#### Work to be completed:
Every line below from the one with "For a modern" through the one with "أصْحَابُ مُجَاهِد بن" should be retyped exactly, both ends included; no other lines and no pictures.

#### Data provided:
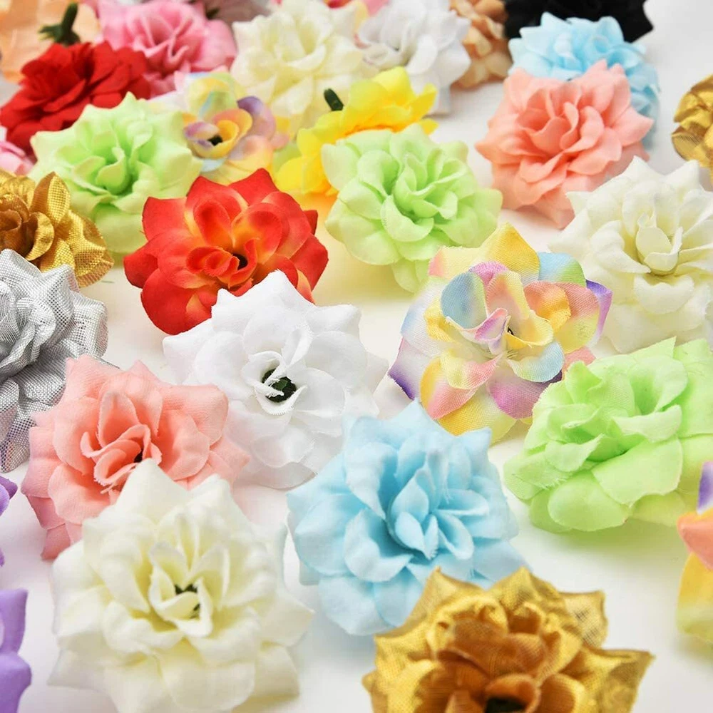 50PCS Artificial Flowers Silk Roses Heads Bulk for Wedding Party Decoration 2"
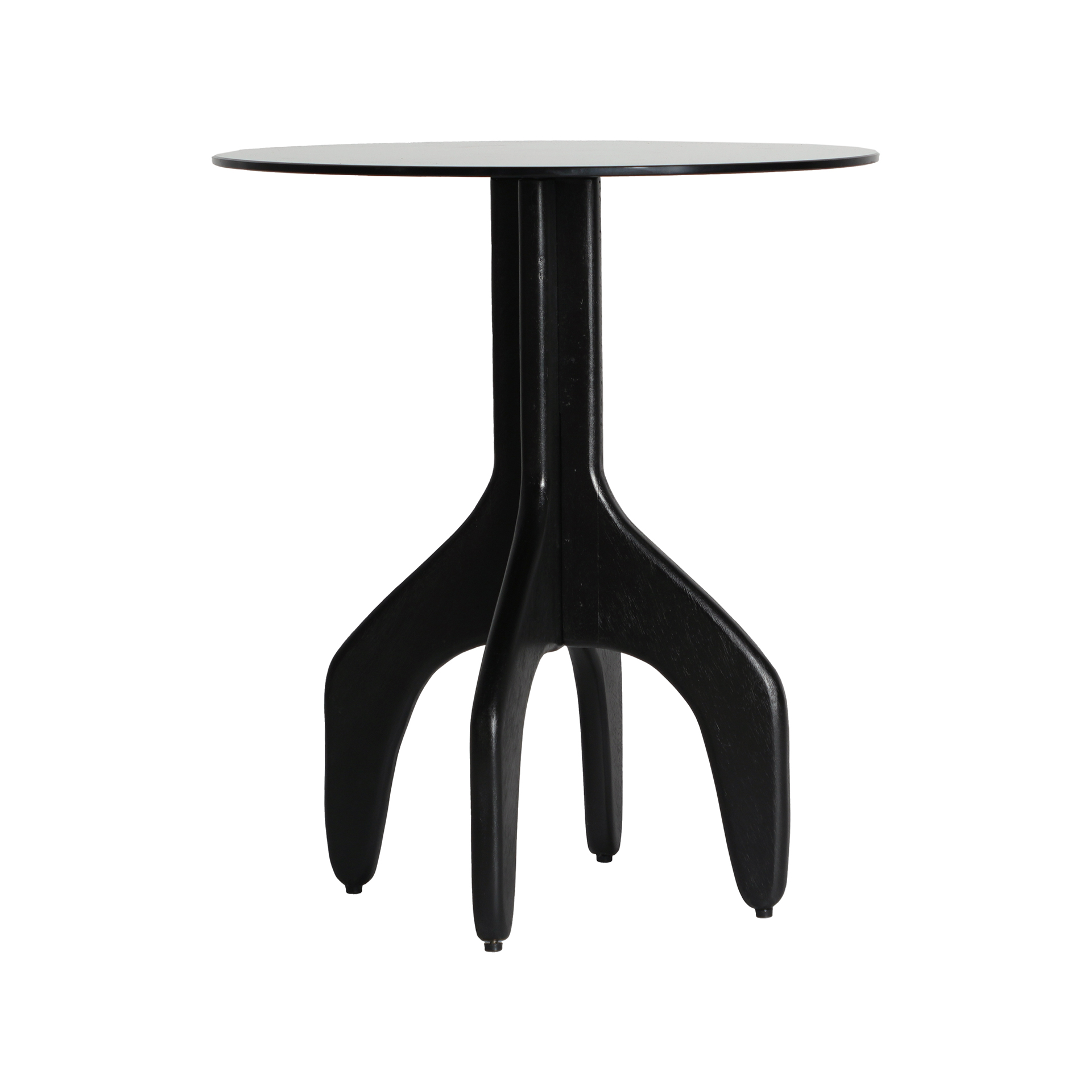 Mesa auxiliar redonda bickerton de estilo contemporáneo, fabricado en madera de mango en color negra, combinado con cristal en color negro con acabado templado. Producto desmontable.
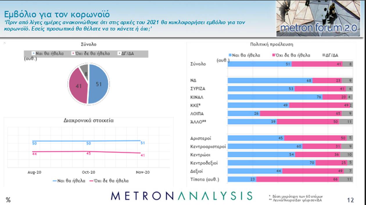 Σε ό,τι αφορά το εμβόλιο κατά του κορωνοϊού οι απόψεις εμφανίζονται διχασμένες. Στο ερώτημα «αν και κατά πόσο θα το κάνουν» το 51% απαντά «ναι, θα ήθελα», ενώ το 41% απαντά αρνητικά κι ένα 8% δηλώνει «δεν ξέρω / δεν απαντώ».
* * *
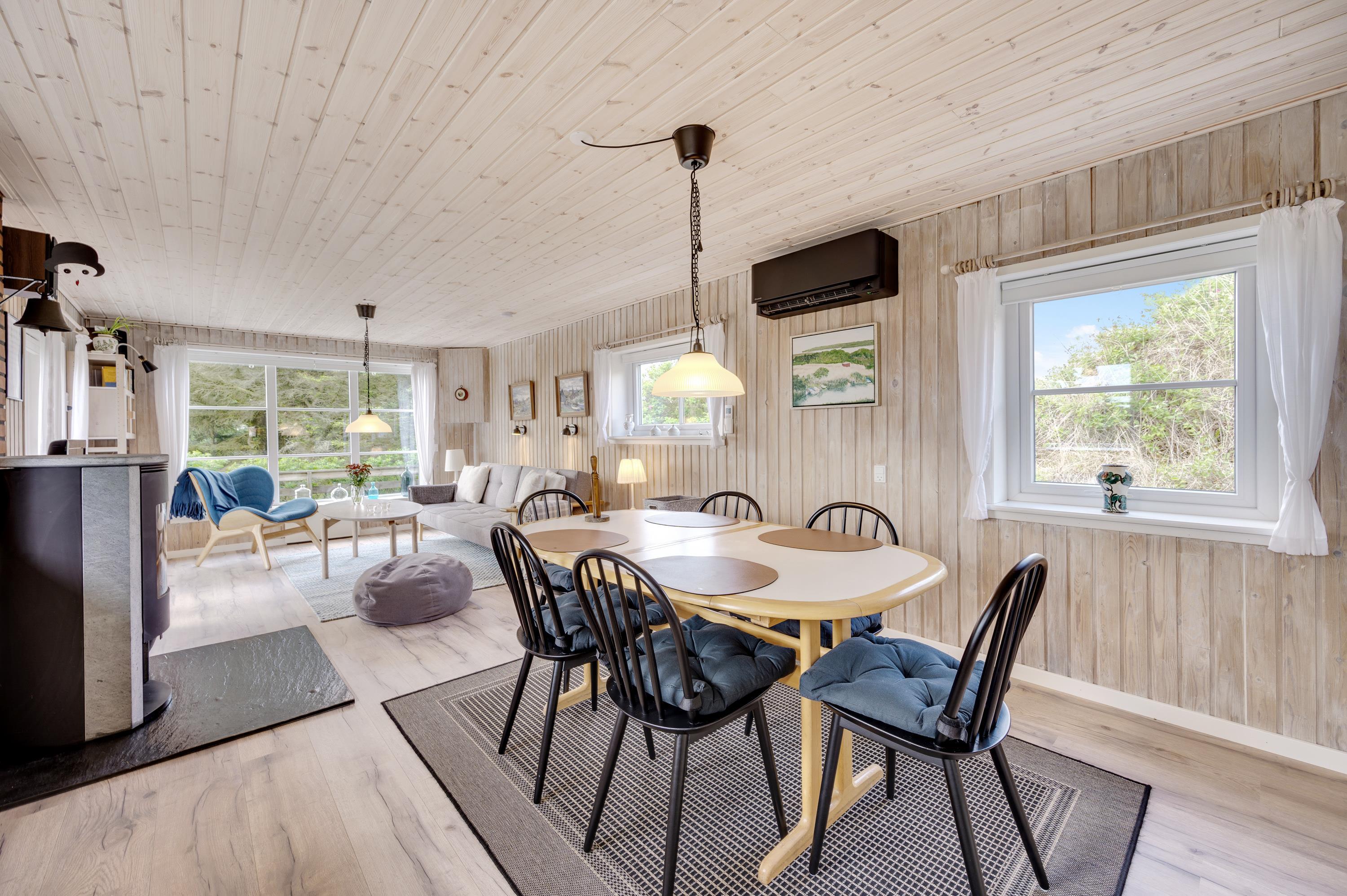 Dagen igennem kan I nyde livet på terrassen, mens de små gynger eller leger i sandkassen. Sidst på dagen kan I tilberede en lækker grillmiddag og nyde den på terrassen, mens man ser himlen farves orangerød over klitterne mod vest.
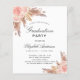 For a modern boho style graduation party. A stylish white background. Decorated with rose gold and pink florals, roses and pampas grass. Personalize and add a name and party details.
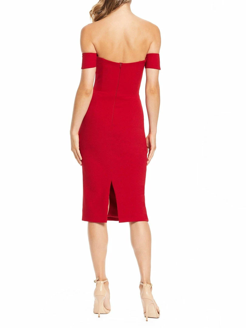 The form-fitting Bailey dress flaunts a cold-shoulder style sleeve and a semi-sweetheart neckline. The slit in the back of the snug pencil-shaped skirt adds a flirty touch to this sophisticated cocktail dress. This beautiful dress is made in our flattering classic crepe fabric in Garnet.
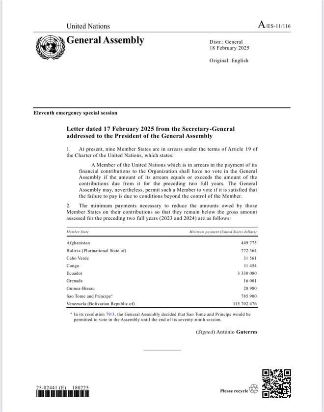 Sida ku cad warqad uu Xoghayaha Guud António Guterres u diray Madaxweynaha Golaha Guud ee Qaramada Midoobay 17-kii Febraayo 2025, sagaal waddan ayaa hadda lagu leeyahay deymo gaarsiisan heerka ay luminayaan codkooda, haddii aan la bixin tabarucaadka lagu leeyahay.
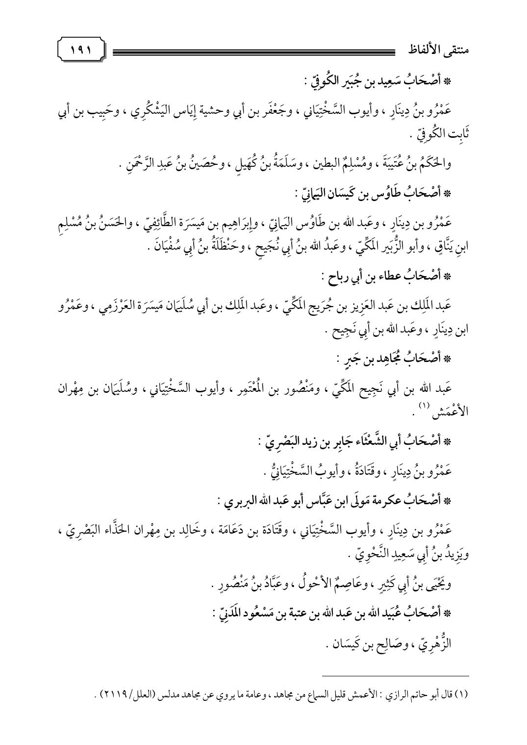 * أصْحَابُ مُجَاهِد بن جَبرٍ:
* * *
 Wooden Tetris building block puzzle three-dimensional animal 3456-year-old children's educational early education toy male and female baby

#### Task output:
 For a modern boho style graduation party. A stylish white background. Decorated with rose gold and pink florals, roses and pampas grass. Personalize and add a name and party details.
 The form-fitting Bailey dress flaunts a cold-shoulder style sleeve and a semi-sweetheart neckline. The slit in the back of the snug pencil-shaped skirt adds a flirty touch to this sophisticated cocktail dress. This beautiful dress is made in our flattering classic crepe fabric in Garnet.
 Sida ku cad warqad uu Xoghayaha Guud António Guterres u diray Madaxweynaha Golaha Guud ee Qaramada Midoobay 17-kii Febraayo 2025, sagaal waddan ayaa hadda lagu leeyahay deymo gaarsiisan heerka ay luminayaan codkooda, haddii aan la bixin tabarucaadka lagu leeyahay.
 * أصْحَابُ مُجَاهِد بن جَبرٍ:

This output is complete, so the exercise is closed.